### WHAT THE EXERCISE ASKS
After finding the line with "男性向けラノベタイトル風あだ名 | 『緋弾のイツヲ』『魔法科高校のいつを』 |" in the data below, set down exactly each line through the one with "Que la sucesora", inclusive, and stop there.

### PROVIDED DATA
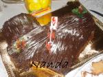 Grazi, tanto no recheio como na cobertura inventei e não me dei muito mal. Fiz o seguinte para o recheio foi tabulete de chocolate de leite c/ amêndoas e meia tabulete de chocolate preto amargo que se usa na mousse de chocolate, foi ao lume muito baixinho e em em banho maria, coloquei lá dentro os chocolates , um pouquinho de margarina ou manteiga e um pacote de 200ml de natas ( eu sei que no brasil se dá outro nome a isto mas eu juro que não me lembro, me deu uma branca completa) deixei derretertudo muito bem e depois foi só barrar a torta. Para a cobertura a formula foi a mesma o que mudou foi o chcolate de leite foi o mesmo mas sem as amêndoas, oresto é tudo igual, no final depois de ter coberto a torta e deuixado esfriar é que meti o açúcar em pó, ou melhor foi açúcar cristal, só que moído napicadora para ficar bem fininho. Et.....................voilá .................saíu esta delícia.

---

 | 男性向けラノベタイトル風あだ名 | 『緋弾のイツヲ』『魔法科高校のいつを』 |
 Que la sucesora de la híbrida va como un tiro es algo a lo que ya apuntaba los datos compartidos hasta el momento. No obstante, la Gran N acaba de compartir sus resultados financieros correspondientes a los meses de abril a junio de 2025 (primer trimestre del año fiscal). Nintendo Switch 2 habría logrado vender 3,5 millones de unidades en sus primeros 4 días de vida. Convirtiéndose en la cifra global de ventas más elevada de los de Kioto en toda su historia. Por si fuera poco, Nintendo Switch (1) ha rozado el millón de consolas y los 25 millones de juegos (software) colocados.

---

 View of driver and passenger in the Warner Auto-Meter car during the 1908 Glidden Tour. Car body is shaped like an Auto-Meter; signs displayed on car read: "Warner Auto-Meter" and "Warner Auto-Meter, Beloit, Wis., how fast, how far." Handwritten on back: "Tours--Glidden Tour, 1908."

### RESPONSE TO THIS TASK
 | 男性向けラノベタイトル風あだ名 | 『緋弾のイツヲ』『魔法科高校のいつを』 |
 Que la sucesora de la híbrida va como un tiro es algo a lo que ya apuntaba los datos compartidos hasta el momento. No obstante, la Gran N acaba de compartir sus resultados financieros correspondientes a los meses de abril a junio de 2025 (primer trimestre del año fiscal). Nintendo Switch 2 habría logrado vender 3,5 millones de unidades en sus primeros 4 días de vida. Convirtiéndose en la cifra global de ventas más elevada de los de Kioto en toda su historia. Por si fuera poco, Nintendo Switch (1) ha rozado el millón de consolas y los 25 millones de juegos (software) colocados.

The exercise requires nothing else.